ただ、Nexes 9の出荷が500万台を割り込む程度にとどまることから、
HTCの業績回復につながる原動力にはならないとの見方も出ているとの事。

日経テクノロジーオンラインのコラムでも触れられていましたが
台湾KGI証券(凱基)は最新レポートの中で、
HTCが自社工場について、EMS(電子機器受託製造サービス)の一線級に引けを取らないコスト競争力を
備えていると自己評価しているが、実際には、スマホ出荷台数が2011年の水準から半減するなど、
経営規模が縮小していることを反映して原材料の調達コストが上昇しており、自社ブランドの製品でさえ、
2015年には外部の工場に製造委託しないとコストダウンを図ることができないのが実情だ」と強調。
さらに、「Google社がNexus 9の価格を299米ドルと比較的高く設定することから、
出荷台数は最終的に500万台に届かない恐れがある」と予測しており
その上で、「HTCの売上高にNexus 9の占める割合は10~15%、売上総利益率に占める割合も10%を
下回るものと見込まれるため、HTCの業績を回復に導く原動力にはなり得ない」との見方を示しているそうです。

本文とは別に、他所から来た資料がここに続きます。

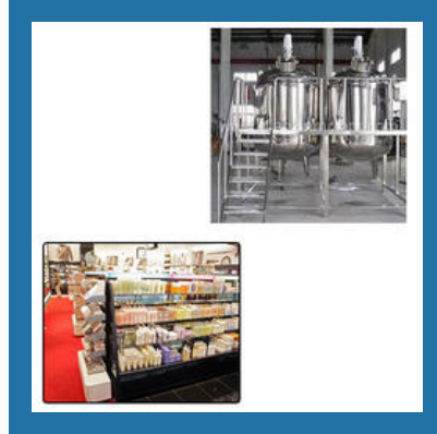
Cosmetic Industry Mixing Vessel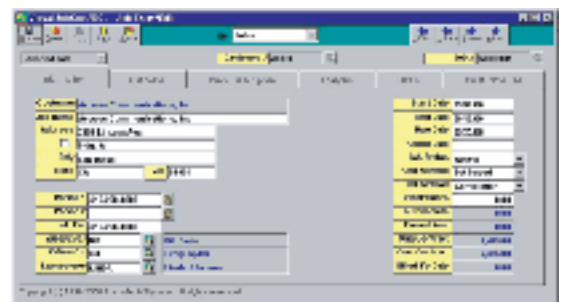
Job Entry / Edit Screen

Mobile Add-on: mJobTime Product Add-on: Time Tracker Web Based Add-on: eJobTime Can be integrated with: ServQuest

コラムのタイトルにもなっていますがスマホの出荷台数が通年2000万台規模でも
原材料のコストが上昇してしまう状況とされており、一定以上の出荷規模を持つ製品を
取り扱えるか否かが業績の分かれ目になっているようです。

HTCといえば一時期は非常に勢いのあった企業だと思いますが、現状では苦戦を強いられているようで
業界の浮き沈みの激しさを感じます。